Merendine, succhi di frutta, bibite gassate. “Innocenti evasioni” che però nascondono un nemico subdolo e insidioso. Soprattutto per i bambini. Un nemico che ha un nome dolce, fruttosio. Lo zucchero della frutta, che oggi viene molto usato nell’industria alimentare perché meno costoso, più dolce del saccarosio e senza potere cariogeno. Inoltre ha la caratteristica di avere un indice glicemico basso, cioè a parità di dose i livelli di glucosio nel sangue aumentano meno rispetto a quelli del saccarosio.

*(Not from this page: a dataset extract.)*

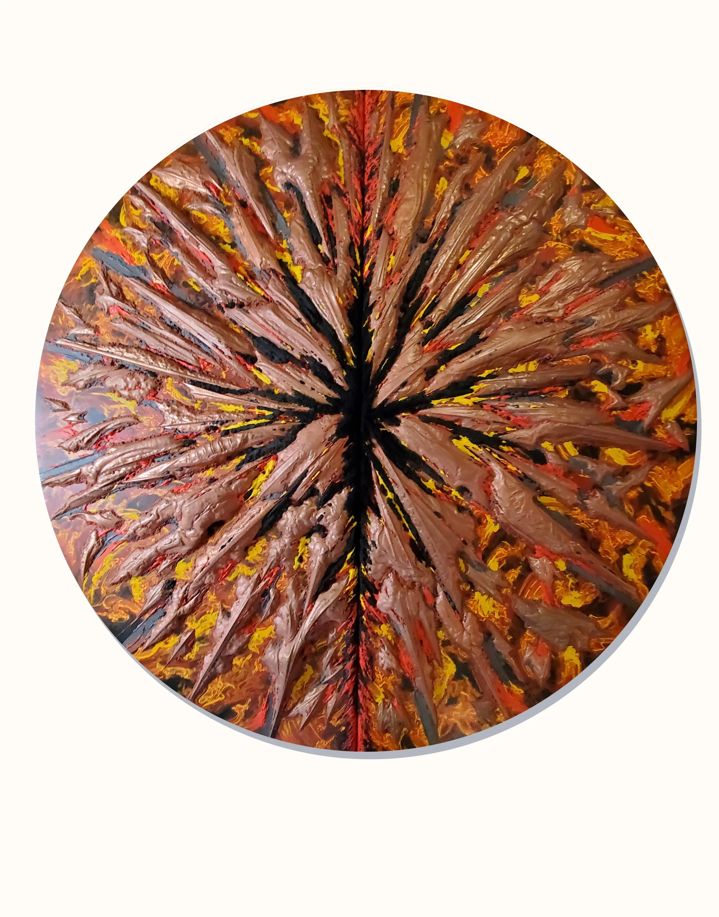 Ardens Mundi 1, Inferno 2017 Copper repoussé elements, mineral particle threads, and abraded acrylic on 1.5 inch archival wood panel, 48 inch diameter.
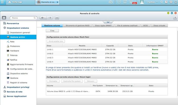 questo lo screenshot (allegato) della console di amministrazione: in "gestione archivi" compaiono solo i soliti "gestione volume", "raid", "smart" ecc. ...

Con conseguente aumento lento anche dell’insulinemia. Ma non è tutto oro ciò che luccica. Uno studio effettuato su 271 bambini obesi nell’Ospedale Pediatrico Bambino Gesù di Roma ha evidenziato in molti casi un fegato grasso e ingrossato. Inoltre circa la metà di loro aveva nel sangue troppo acido urico, una sostanza che se in eccesso nell’organismo può provocare danni seri, come la gotta, ma non solo.
Ora, l’eccessiva uricemia può essere dovuta, oltre che a situazioni genetiche e ereditarie, a un’alimentazione ricca di frutti di mare, birra, carni rosse, fegato e frattaglie, selvaggina, asparagi, alici e acciughe. Una dieta improbabile nei bambini.
Ma l’acido urico è uno dei prodotti di degradazione dell’etanolo ma anche del fruttosio nel fegato. Forse il mistero si può spiegare con l’eccesso proprio del “mite” fruttosio nella dieta dei bambini. Perché nella frutta fibre, minerali e vitamine ne attenuano di molto l’effetto nocivo. Ma le merendine, le bibite, i succhi, invece, fanno arrivare il fruttosio direttamente al bersaglio senza possibilità di mediazioni. Ricordiamo inoltre che il fruttosio è anche probabilmente responsabile dell’eccesso di trigliceridi nel sangue.
Insomma, calcolando un valore limite di 25 grammi giornalieri di fruttosio nei bambini, evitiamo guai peggiori nel futuro. Torniamo a pane e olio, pane e pomodoro, frutta fresca, spremute. Perché i nemici peggiori si celano spesso sotto nomi dolcissimi.